The two largest plant-based producers of imitation meat on the planet today are Beyond Meat and Impossible Foods, both having started in Silicon Valley a little over a decade ago with their first products sold around five years ago. They have directly taken on the meat industry by more closely resembling meat in texture, appearance, and taste, even in the case of Impossible Foods to “bleed” like red meat from a plant-based ingredient called heme, a precursor of hemoglobin. Heme is manufactured from bioengineered yeast that undergoes a fermentation process after it has had protein from soybean root nodules incorporated into the single-cell organisms. This not only gives the appearance of meat but also its meat-like flavor. Beyond Meat uses a different approach starting with the legume yellow peas for the protein and incorporating a more complex assortment of plants.
Food Innovation
Innovations, particularly in the laboratory, in getting plants to taste more like food from animals are proliferating. For example, Bored Cow uses vegan-friendly whey protein along with real milk protein made by microflora instead of cows through a fermentation process. Plant-based ingredients are added to help round out the dairy experience. Vitamins and minerals are added while the “milk” remains lactose-free.
Even more extreme, in 2013 Dutch scientists created the first truly meatless mockup with a lab-grown burger developed from cow muscle cells and fetal calf blood. This is therefore not really meat nor a plant and could be called in vitro food. The result was patties recognized as tasting close to fast food meat but not prime meat.
Replacing meats with plants in a high-tech fashion is estimated to eat 10% of the traditional meat market over the next decade and will reach $140 billion. The powerful meat industry is fighting back by insisting the terms “meat” and “milk” can not be used if they did not originate from an animal.

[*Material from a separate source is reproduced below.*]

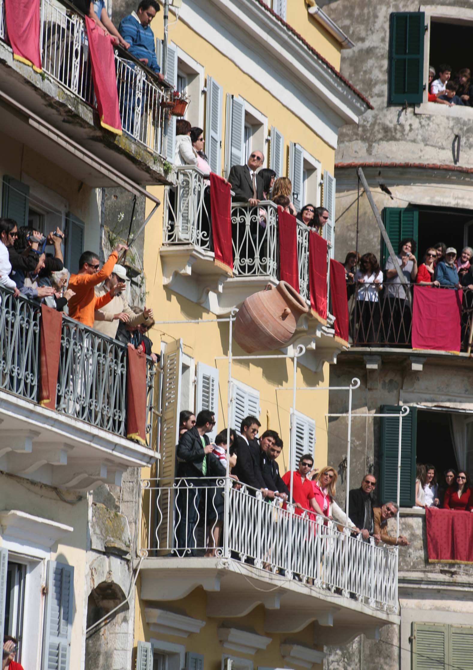 Στην Κέρκυρα, οι «μπότιδες» πέφτουν… βροχή. Στις 11 το πρωί του Μ. Σαββάτου όταν τελειώσει η ακολουθία της πρώτης Ανάστασης στη Μητρόπολη και αφού τελειώσει και η περιφορά του επιταφίου του Αγίου Σπυρίδωνα, χτυπούν οι καμπάνες των εκκλησιών και από τα παράθυρα των σπιτιών πέφτουν κατά χιλιάδες, πήλινα δοχεία γεμάτα νερό (μπότιδες) στους δρόμους, με μεγάλο κρότο. Αυτό το έθιμο έχει τις ρίζες του στο χωρίον του Ευαγγελίου «Συ δε Κύριε Ανάστησόν με ίνα συντρίψω αυτούς ως σκεύη κεραμέως».

How similar are plant-based meats today to the real thing? Apparently enough to worry the meat industry. In France, the pork lobby INAPORC has accused vegan bacon producer La Vie of unfair competition. In response, La Vie posted a full-page daily newspaper “love letter” to INAPORC thanking them for the compliment. The French government was not amused and issued a labeling ban of terms such as “sausage,” “steak,” and pertinently, “bacon” on packaging for plant-based products. This was set to go into effect on October 1, but the French high court Conseil d’Etat paused the ban to assess its legality and proposed timescale. Stay tuned for further developments!
Conclusion
Some meat titans see the writing on the wall and have begun investing in their own plant-based innovations. Fast food burger joints are opening up to non-meat burgers. There is evidently more difficulty in coming up with desirable plant-based seafood, not that a lot of companies are not trying the use of seaweeds. As for cheeses, improvements using old-world methods with innovative plant ingredients are being made that already rival bland, processed American cheese.
In summary, we are on the threshold of an exciting food revolution unlike any we have witnessed in historic times. During a previous food revolution, the last wild cow, called aurochs, is thought to have been eaten in Poland in 1627. Now only domesticated breeds of cattle exist. What will happen to them and the other domesticated animals raised for food if we make a complete switch to plant-based and laboratory-grown foods? But maybe that is getting too far ahead of ourselves. In the meantime, let’s embrace the diversity that we get to choose and at the same time stay healthier while helping save the planet.